Monday, March 10, 2008

Swim Suit Purchase

Well, I finally broke down today and bought a swim suit. Athena starts swim lessons on the 2nd so I figured I better get one. I looked at Wal Mart and Target and couldn't find anything that was supportive of the ladies. I ended up at Dillards. I spent way way way too much, more than I've ever spent on any one item of clothing (other than a jacket or shoes). It looks pretty nice though. I wish my arms weren't so gross looking though. Oh well, maybe in a year or so I can get them fixed. I'm thinking of maybe taking a pic of the suit and posting, we'll see. Still no marble.

Thursday, March 06, 2008

Mindless Snacking At Night

I read one of the other bloggers comments about late night mindless snacking and boy can I relate.
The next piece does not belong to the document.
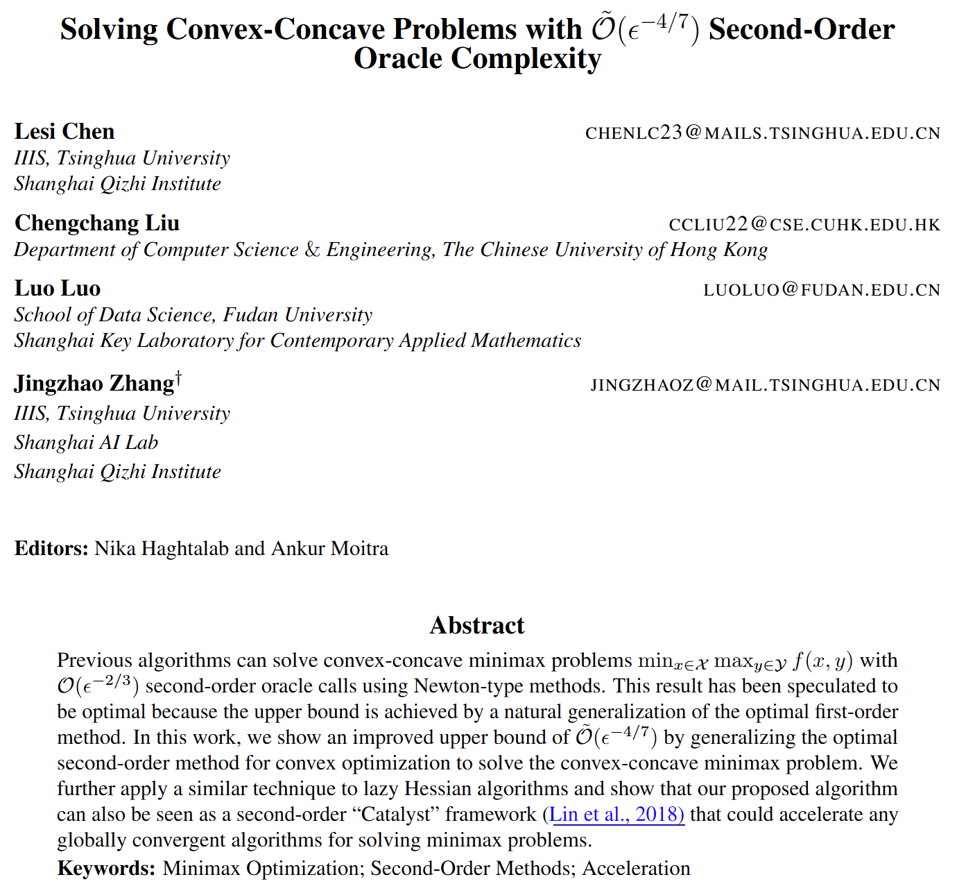 Ph.D. student Lesi Chen and Assistant Professor Jingzhao Zhang from Tsinghua University's Institute for Interdisciplinary Information Sciences have received the Best Student Paper Award at the 2025 Conference on Learning Theory (COLT), a top-tier venue in theoretical machine learning. Their winning work is titled "Solving Convex-Concave Problems with O( ε^-4/7) Second-Order Oracle Complexity".

I swear every day I tell myself today I'm not going to have any snacks after dinner and everyday I fail. I don't get it. I'm not bored or depressed or lonely or anything so what is the deal. Not to point fingers, but it seems like the only thing I can figure out is my husband. For the 6 months we were apart I hardly ever snacked at night. I might have a hand full of nuts or something but that was it. And now I eat crackers, cookies, chips, all stuff I know I shouldn't have yet I eat it anyways. I don't know how or if I should say anything to my husband. I'm not blaming him, I am an adult and my own person, but I know that if he wasn't snacking I wouldn't be. What do I do? I've been trying for weeks now to figure out why I'm snacking at night and this is the only thing that makes sense. I have no will power when it comes to having junk around the house and if I keep snacking I'm going to end up where I was which is NOT an option for me. I WILL NOT GO BACK. How do I deal with this? I can't expect everyone in my house to alter their eating because I'm weak. I got on the scale this morning and I was at 146, so it's not like the snacking is causing me to gain, but I know it will eventually. I just don't know what to do to make myself realize I am not a person who can just snack and snack and not have to pay!

Wednesday, March 05, 2008

Drama In Our House

Well, let's see where to begin. I had to call 911 yesterday. I have a 10 year old son and I've never had to call 911 or even deal with any injuries, but my 2 1/2 year old daughter is breaking me in! I'm telling you. I've never been so scared in my life. We were in the basement yesterday morning. I was cleaning/dusting, rearranging and she was playing. I had disconnected the surround sound and was taking the speakers to the storage room. I got back there and put a load down and I hear Athena coughing and screaming. I go running out and ask her what's wrong. She doesn't stop screaming and coughing. I grab her face and pry open her mouth to find one of those stupid magnetic marbles (the ones that you build things with the magnet sticks) in the back of her throat. I stuck my finger in her mouth to try and get it out but had no luck. She swallowed it and was choking and coughing. She was still screaming and coughing so I knew she was getting air but I freaked. I called 911 and they put me through to the fire department and dispatched someone. The lady kept me on the phone for a few until Athena calmed down and could talk a little. Then she hung up and within a few seconds the ambulance and fire truck were here. 5 guys came in and Athena was having no part of even letting them near her.....that is until they took off their gloves. Odd that she freaked out over the blue gloves. Anyways, the one guy, Chris, was totally awesome with her. They were all super nice and supportive and making sure I was Ok. They were here for about 10 minutes and said there was really no worry because it is round and smooth she should pass it in 1-2 days. She pooped yesterday and today and it still hasn't come out. Anyways, that was my excitement for Tuesday. I mean, seriously she's a girl and only 2 1/2!!! If this is a small showing of what I have to look forward to just kill me now!!! LOL! She's been fine every since, so hopefully it'll come out in a couple days! What an experience. My husband rushed home, the neighbors called, I mean seriously. Maybe I jumped the gun with calling 911 but I was freaking. I'm just glad all is OK. So, about these stupid Cheez-it's. They're totally bad to have around! TOTALLY!!!!!